■ **WHAT THIS TASK INVOLVES**:
Only the pictures are to be omitted; every entry beneath should otherwise be duplicated exactly.

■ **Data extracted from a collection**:
□ □ □ □ □

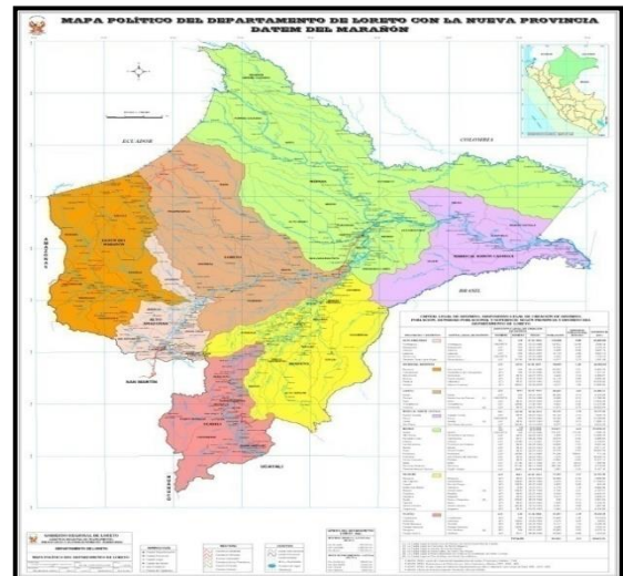
DEPARTAMENTO DE LORETO
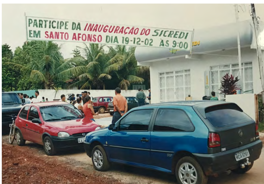
Inauguração Agência de Santo Afonso.

O ano fechou com a inauguração da Agência em Santo Afonso, município fundado em 1991, distante 60km de Tangará da Serra.
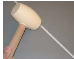
Utiliser un maillet en caoutchouc.
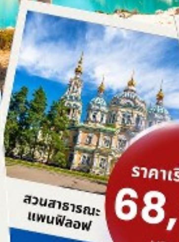
สวนสาธารณะ แพนฟิโลฟ
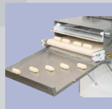
Pães franceses / hotdogs
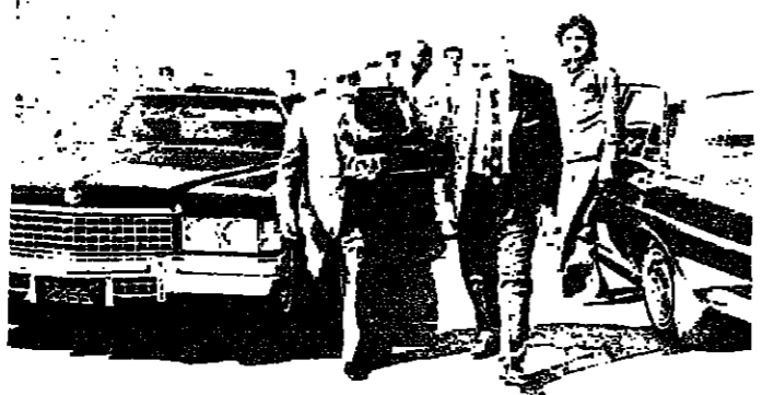
الرئيسان كرامي وسلمم انشاء لهما في صور صباح أمس
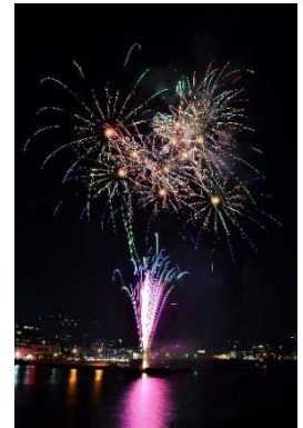
伊東市 花火大会イメージ
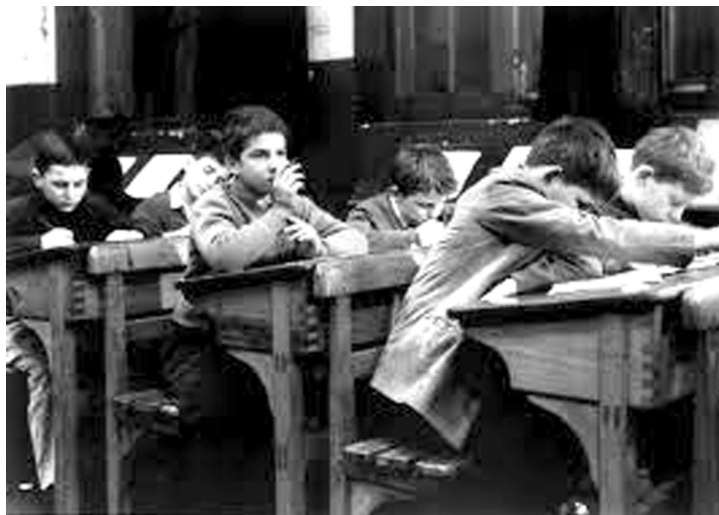
Escena de Les quatre cents coups , de François Truffaut (1959), en què el seu protagonista fa les mil i una (però també rep els revessos de la vida) en els seus intents per a escapar de la rutina i l'ordre escolar.

Així tindriem que, tant des d'una vessant més epistemològica com des d'una vessant més sociològica i concreta d'ús quotidià, les institucions són a grans trets uns elements socials que construeixen subjectivitats, amb unes estructures internes, amb una lògica de funcionament i amb un procediment elaborat que s'executa per mitjà de diferents mecanismes i dispositius.
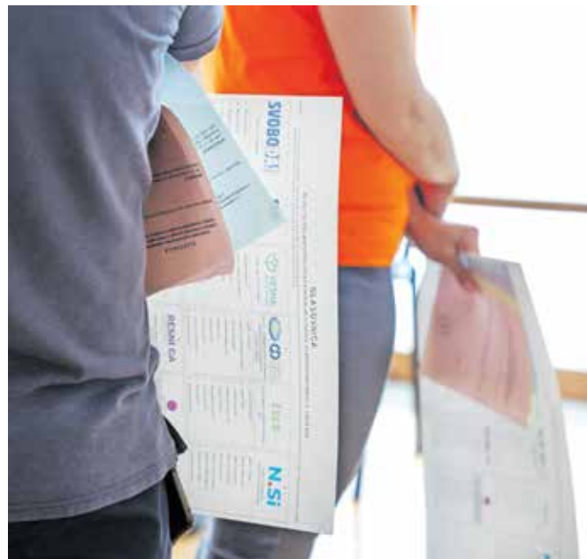
Štetje glasovnic z nedeljskih evropskih volitev in posvetovalnih referendumov se je zavleklo dolgo v noč. Kot je pojasnil predsednik Državne volilne komisije Peter Golob, so morali volilni odbori prešteti kar 2,5 milijona glasovnic.
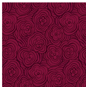
ONDES Opéra 104

□ □ □ □ □

■ **EXERCISE RESPONSE**:
DEPARTAMENTO DE LORETO
Inauguração Agência de Santo Afonso.

O ano fechou com a inauguração da Agência em Santo Afonso, município fundado em 1991, distante 60km de Tangará da Serra.
Utiliser un maillet en caoutchouc.
สวนสาธารณะ แพนฟิโลฟ
Pães franceses / hotdogs
الرئيسان كرامي وسلمم انشاء لهما في صور صباح أمس
伊東市 花火大会イメージ
Escena de Les quatre cents coups , de François Truffaut (1959), en què el seu protagonista fa les mil i una (però també rep els revessos de la vida) en els seus intents per a escapar de la rutina i l'ordre escolar.

Així tindriem que, tant des d'una vessant més epistemològica com des d'una vessant més sociològica i concreta d'ús quotidià, les institucions són a grans trets uns elements socials que construeixen subjectivitats, amb unes estructures internes, amb una lògica de funcionament i amb un procediment elaborat que s'executa per mitjà de diferents mecanismes i dispositius.
Štetje glasovnic z nedeljskih evropskih volitev in posvetovalnih referendumov se je zavleklo dolgo v noč. Kot je pojasnil predsednik Državne volilne komisije Peter Golob, so morali volilni odbori prešteti kar 2,5 milijona glasovnic.
ONDES Opéra 104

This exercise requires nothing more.